BBC Director, Radio & Education James Purnell says he would like to see an official way to measure the popularity of podcasts.
Blogging after a few weeks of popular 5 live podcasts covering the World Cup, he says it would help commercial podcasters and distributors speak about their value to advertisers and let the BBC measure the value it’s getting from the licence fee for audio content and services.
James says the BBC has already started talking to colleagues at Apple about how to do it.
A new BBC app, BBC Sounds, has just had its soft-launch and is expected to be the place to experience all BBC radio, audio and podcasts in the future.

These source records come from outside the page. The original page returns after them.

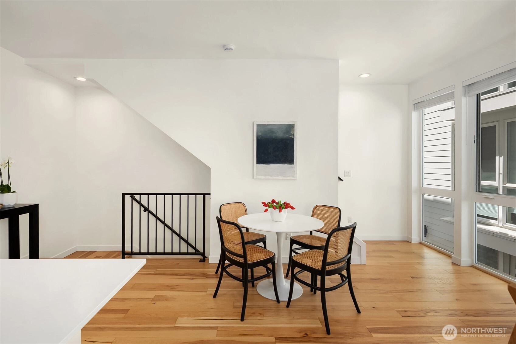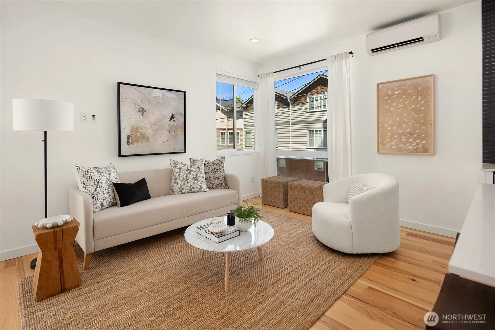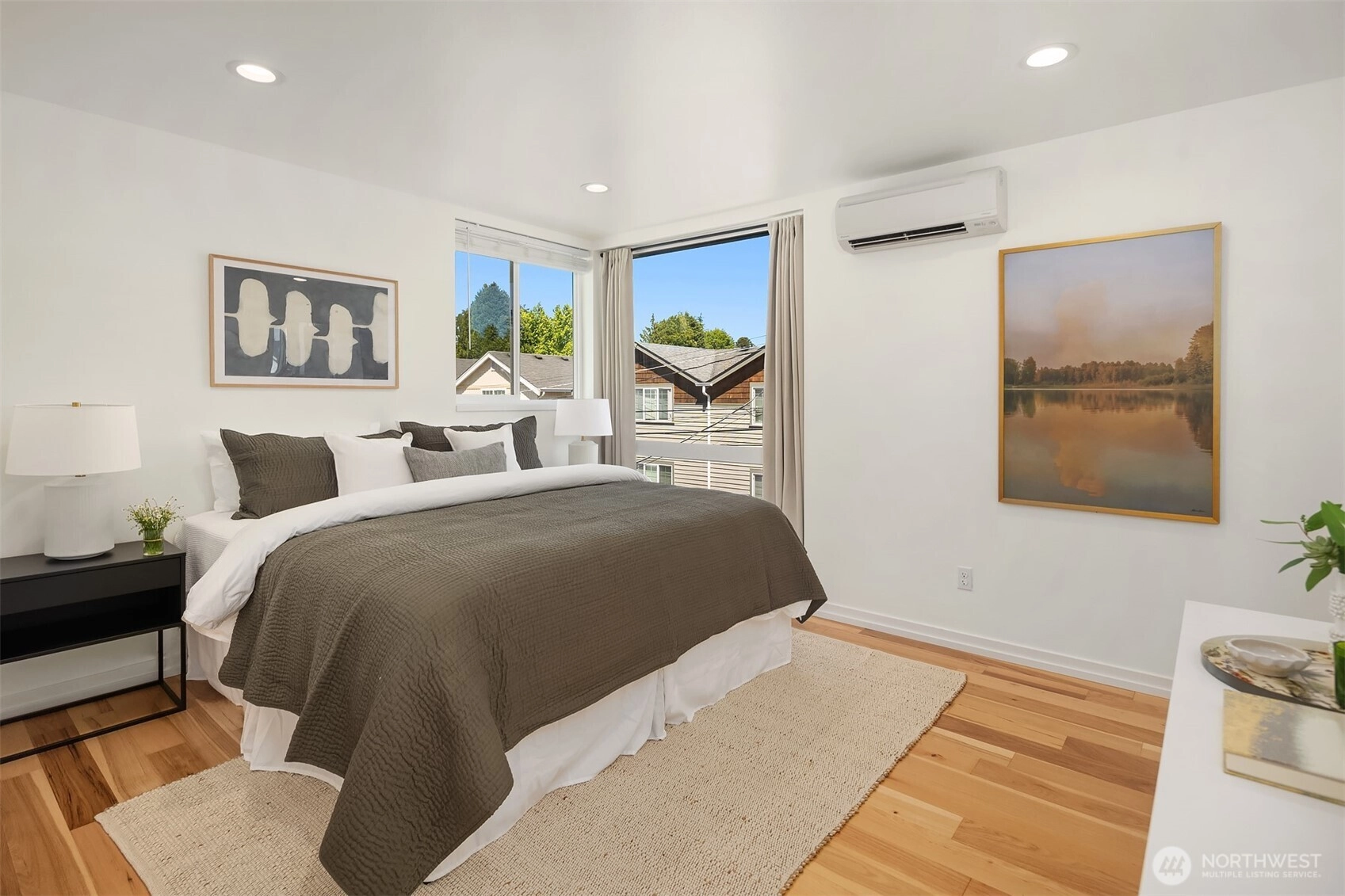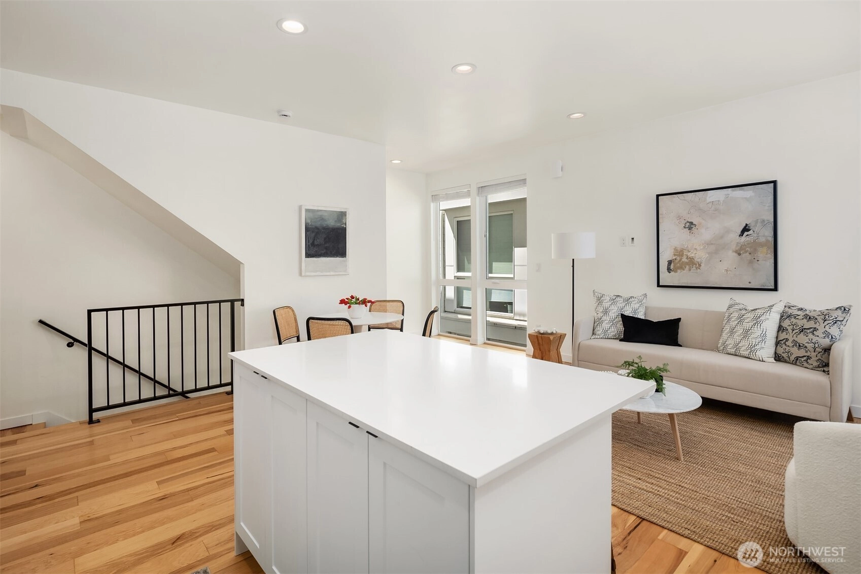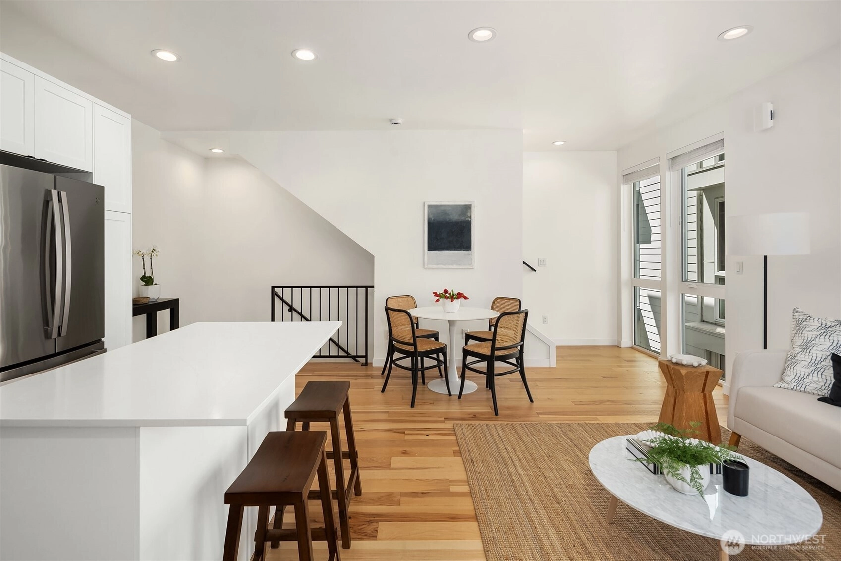Better than new, this lightly lived-in 2021 contemporary will duly impress. Inspired design, where form & function unite to create a symphony of beguiling light-filled spaces, gallery walls & innumerable details of style & sophistication. High ceilings, rich hickory hardwoods, a fully appointed kitchen, garden-level guest/office space, modern baths, top-floor blissful primary, and sun-dappled rooftop deck with territorial and mountain vistas. Washer + dryer, great storage, and a dedicated parking spot all in a superior location. Minutes to the Mogan and Alaska junctions, shops, parks, beaches, public transportation, and easy access to the West Seattle bridge make this a home of enviable livability.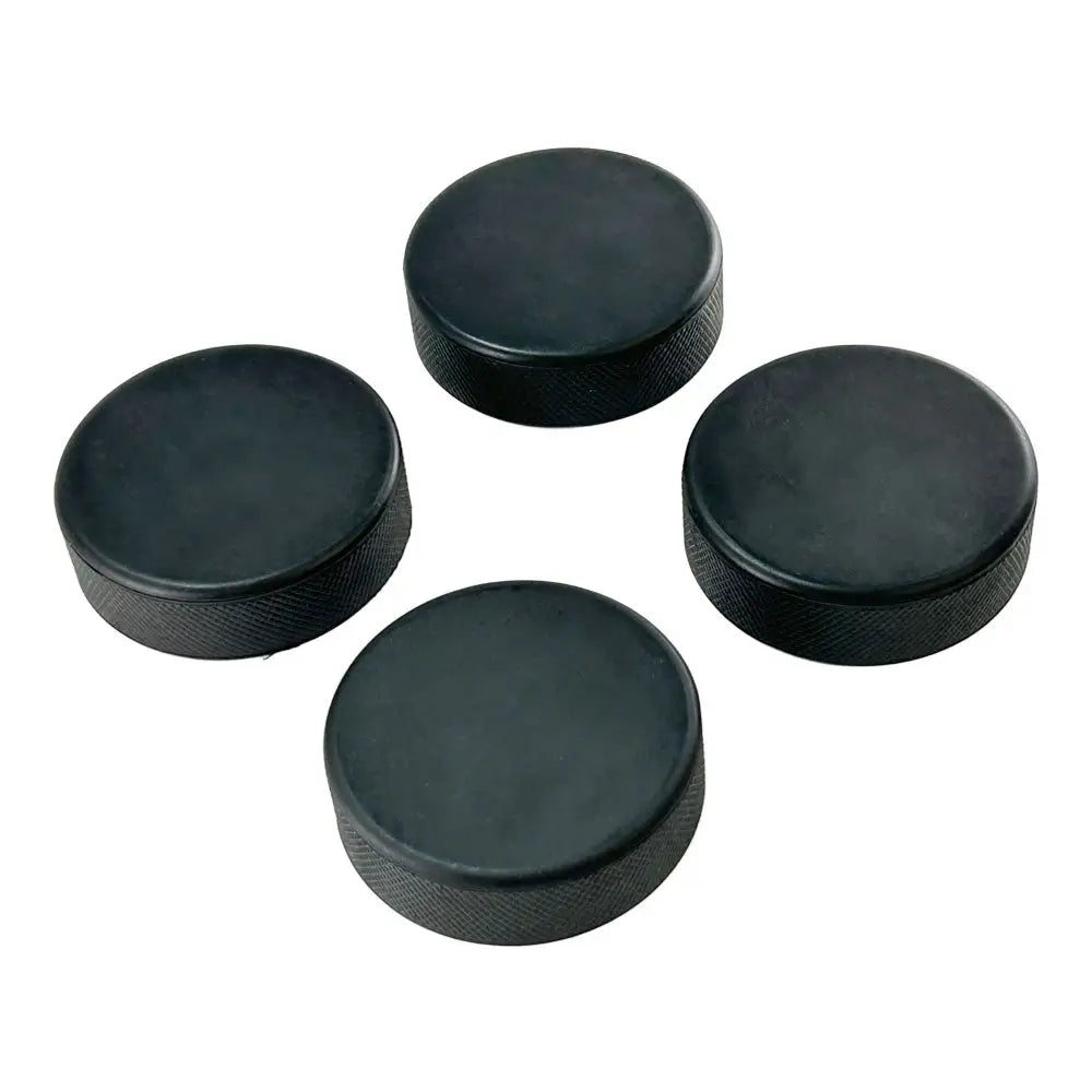 Set of four black circular speaker spikes or isolation feet with red O-rings.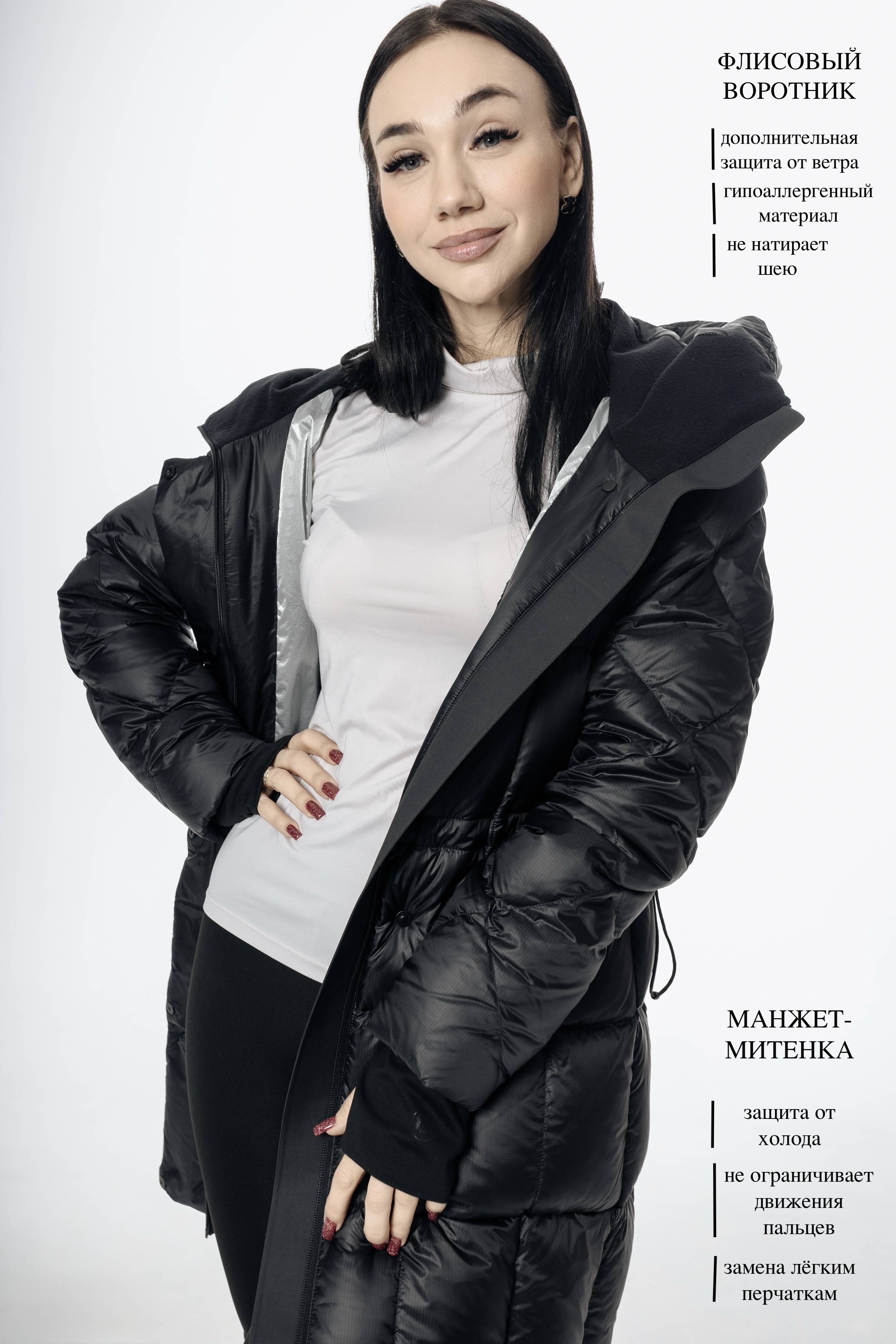 Покупая данный пуховик, вы выбираете надежность, тепло и стиль на весь сезон. Черный цвет, длина 90 см и стильный приталенный крой подчеркнут вашу индивидуальность и создадут образ уверенной женщины. Внешняя ветрозащитная планка на кнопках, манжеты-ментенки и регулировка талии кулиской обеспечат комфорт даже в самую холодную погоду. Высококачественный нейлон верха и подклада, а также натуральный наполнитель из 95% гусиного пуха гарантируют тепло, сухость и долговечность изделия.Погрузитесь в атмосферу тепла и комфорта с женским удлиненным приталенным пуховиком бренда Torriss.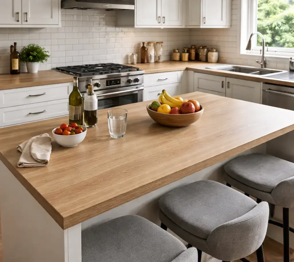 Факт 5. Натуральное дерево на кухне «живёт» своей жизнью. Реагирует на перепады влажности, впитывает запахи и требует обновления масла раз в 3–6 месяцев. Выбор для ценителей тактильности выше практичности.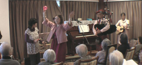 2011年2月25日。 キュイートピー・バグパイプ隊(別命=さっちゃんと音もだち) この日は、なぜかロシア歌曲のリクエストが続き、 バグパイプではロシア国歌(2001年制定)を演奏。 アライブ杉並松庵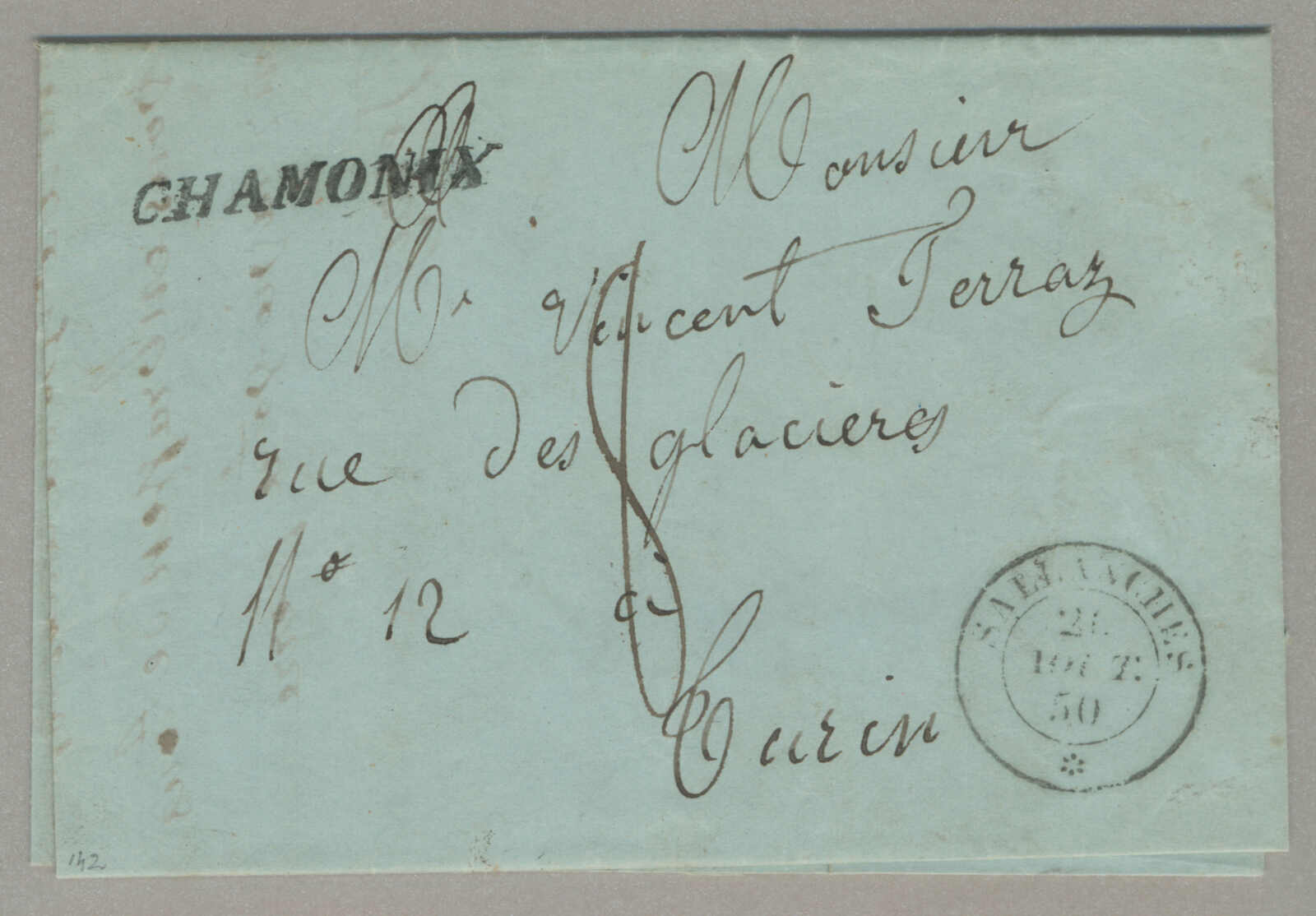 1850, with neatly strikes of Chamonix and Sallanches, on folded letter, ex Provera, XF! Estimate 1.200€. (Image) (imagea)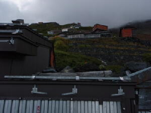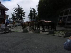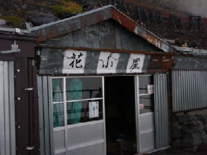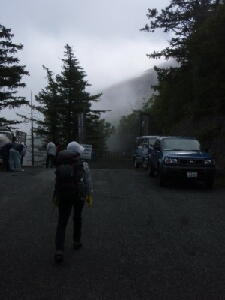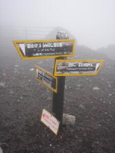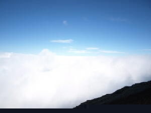 この後、さらに1時間近く登り続けた。 だんだん残雪の量は増えてきた。が、右から左にいっぱいいっぱいに広がる雪渓はまだまだ先のようだ。・・・・・・っ て、どんだけ上ればたどり着くんだ?! 周りを見てもあまり基準になりそうなものは見えない。ので、ちょっと右手、須走方面へ移ってみる。おそらく登山道は もうちょっと右に近づかなくては見えないだろうが、森林は見える。 確か須走登山道は、7合目辺りが森林限界だったような・・・・・・とすると、ボクが登った高さよりさらに上で森林が途 切れているということは、ボクのいる辺りはまだ6合目(・・・半?)あたりの高さなのだろう。 雪のすそ野はそれよりもっとずっと上に見える。あの辺りは・・・・・・8合目あたりだろうか? 登るうちに、雪渓から雪解け水が流れ出てくるところを見てみたいと思っていたのだが、ふと気づくと時計はいつの間 にか15時を指していた。 これ以上行っても、明るいうちに雪渓までたどり着くことは、まずないだろう。というより、そもそも明るいうちに下山し なくては!!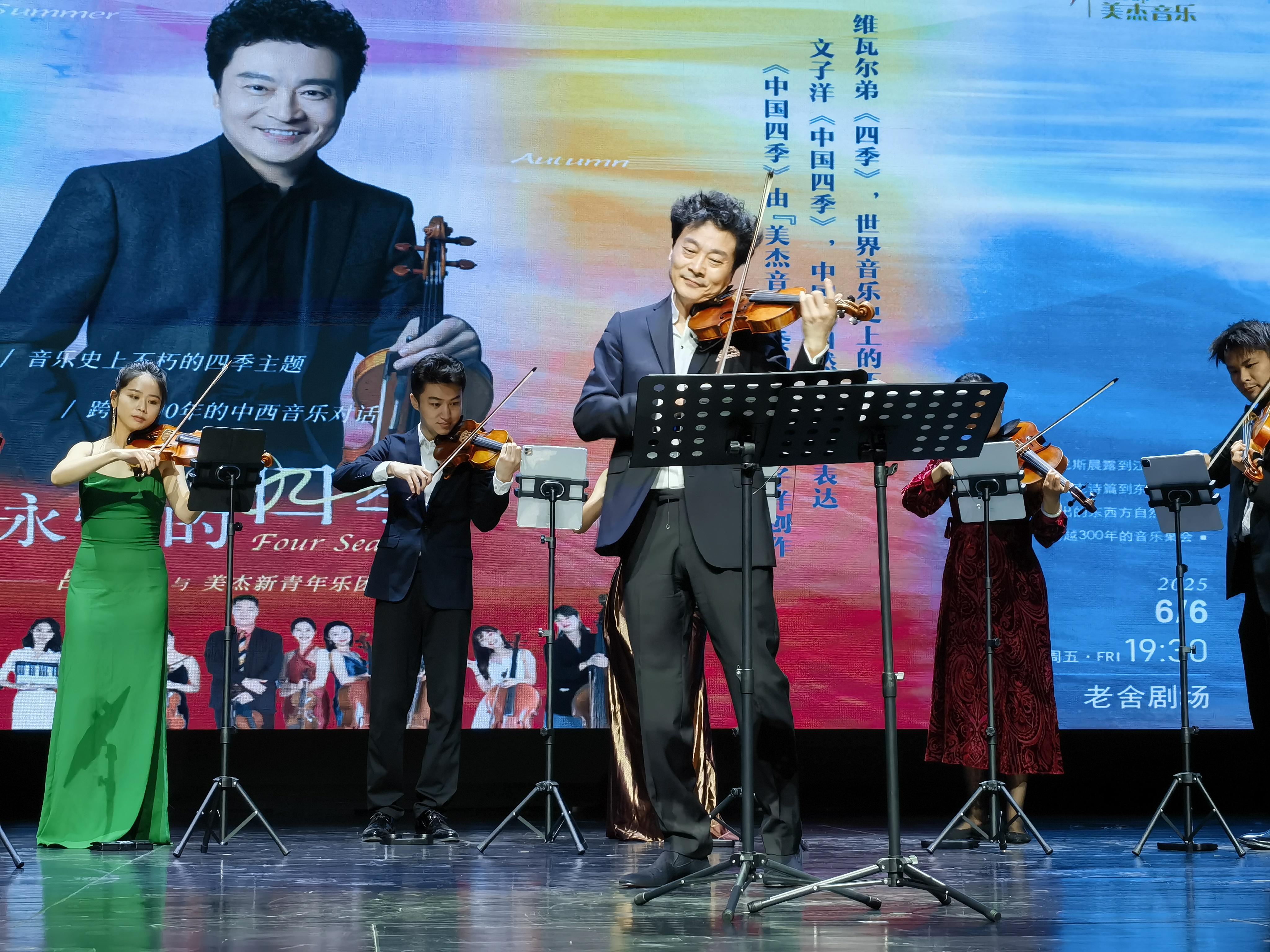 “和著飛快不息的音樂節(jié)拍,四季蹁躚而來,飄然而去——色彩、旋律、芳香匯成不竭的瀑布傾瀉而下,時(shí)刻在豐沛的歡樂中飛濺、墜落、消亡”。這是印度詩人泰戈?duì)栐谄浍@得諾貝爾文學(xué)獎(jiǎng)的詩集《吉檀迦利》中發(fā)出的感喟。6月6日,適逢二十四節(jié)氣里唯一直接指導(dǎo)農(nóng)事活動(dòng)的芒種——“忙種”期間,筆者在北京老舍劇場觀賞《永恒的四季——呂思清與美杰新青年樂團(tuán)音樂會(huì)》,對(duì)詩人之榮枯慨嘆越發(fā)感同身受。是的,和著節(jié)拍,四季蹁躚若何,泰戈?duì)柕脑娨猓蛟S是對(duì)足以代言中國新聲音活力前沿的“美杰”版《四季》最好的詮釋。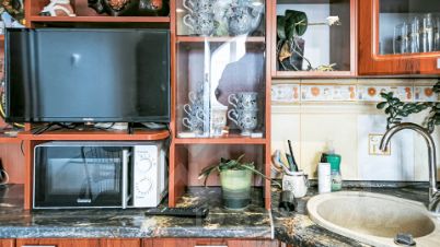 Современная обстановка: новая мебель, полный комплект бытовой техники (стиральная машина, посудомоечная машина, телевизор, плита, микроволновка, холодильник).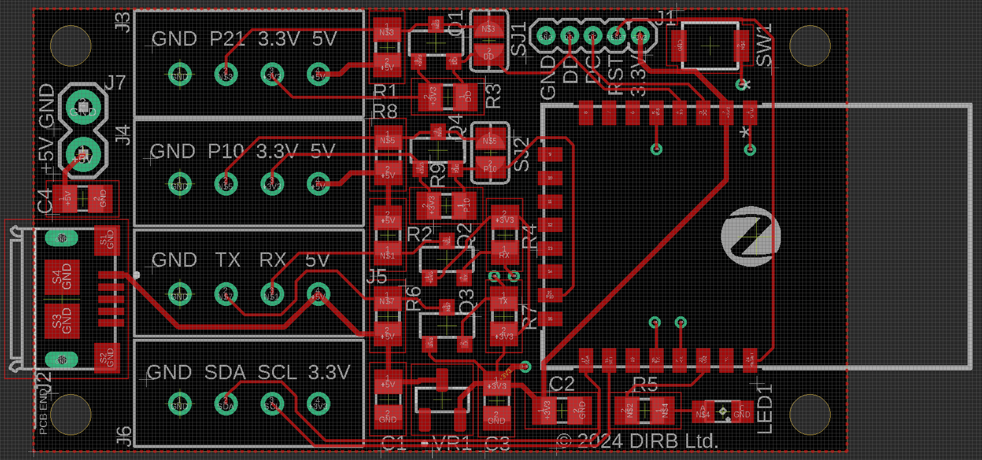 In order to cover a bunch of application I designed a standard PCB that allows to connect sensors and/or actuators via GPIO, I²C or UART. Most with level shifter to allow 5V and 3.3V interfaces.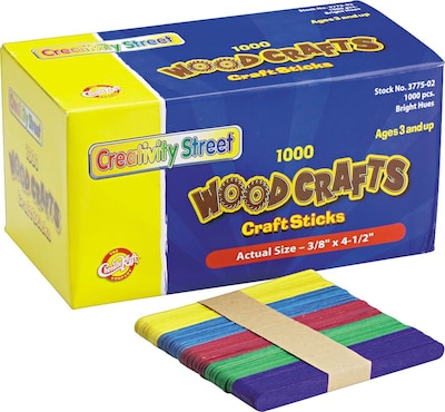 Creativity Street Company Colored Wood Sticks, (Popsicle) Size, Assorted, 4.5" x.38", 1,000/Bx

“A couple of thoughts, after weeks of loving 5Live’s World Cup Daily podcast and launching BBC Sounds.
The latter was a preliminary release. We’re getting real audience data and lots of feedback, which we’re using to iterate the product, ready for our full launch later in the year.
The brilliant Kelly Cates, Mark Chapman and team have had a lot of fun bantering about their competition with the Love Island podcast (congrats to Matt Deegan’s Folder & Co for that one…). Who would be at the top of the iTunes podcast chart each day?
I’m from the generation who spent Sunday evening with our finger hovering over the record button on radio cassette players waiting to see if Bruno Brookes would play the latest chart entry from our favourite band so we could record it.
I realise elements of that sentence won’t mean much to anyone under the age of 40.
That said the Official Chart show presented by Scott Mills on Radio 1 still has teenage digits hovering buttons – it’s just that they’re the virtual buttons on their social media apps so they can share their excitement or disappointment with other fans.
We see a huge upsurge in engagement on social media when it’s on air, especially when artists respond to their chart positions.
Charts can reflect the mood of the nation. Novelty songs used to do well in holidays seasons.
As the nation marks the 70th anniversary of the NHS, This is Going to Hurt, Adam Kay’s record of his time as a junior doctor, tops the Amazon book charts.
The official top 40 measures sales; streams and downloads as agreed with the music industry.
But none of the other charts are industry standard.
They indicate what’s trending which is great for audiences but content creators and distributors want to know reach and value.
For live radio we have RAJAR to help with that.
As these charts become more and more important, we need a conversation in our industry about how we get an equivalent for podcasts – one which includes as many of the different ways that audiences are consuming podcasts, where we can all see all the data, and know how it’s been collected.
That will help commercial podcasters and distributors speak about their value to advertisers and the BBC measure the value it’s getting from the licence fee for audio content and services.
We’ve already started talking to colleagues at Apple and in the UK about how to do that. If you’d like to be involved, get in touch.”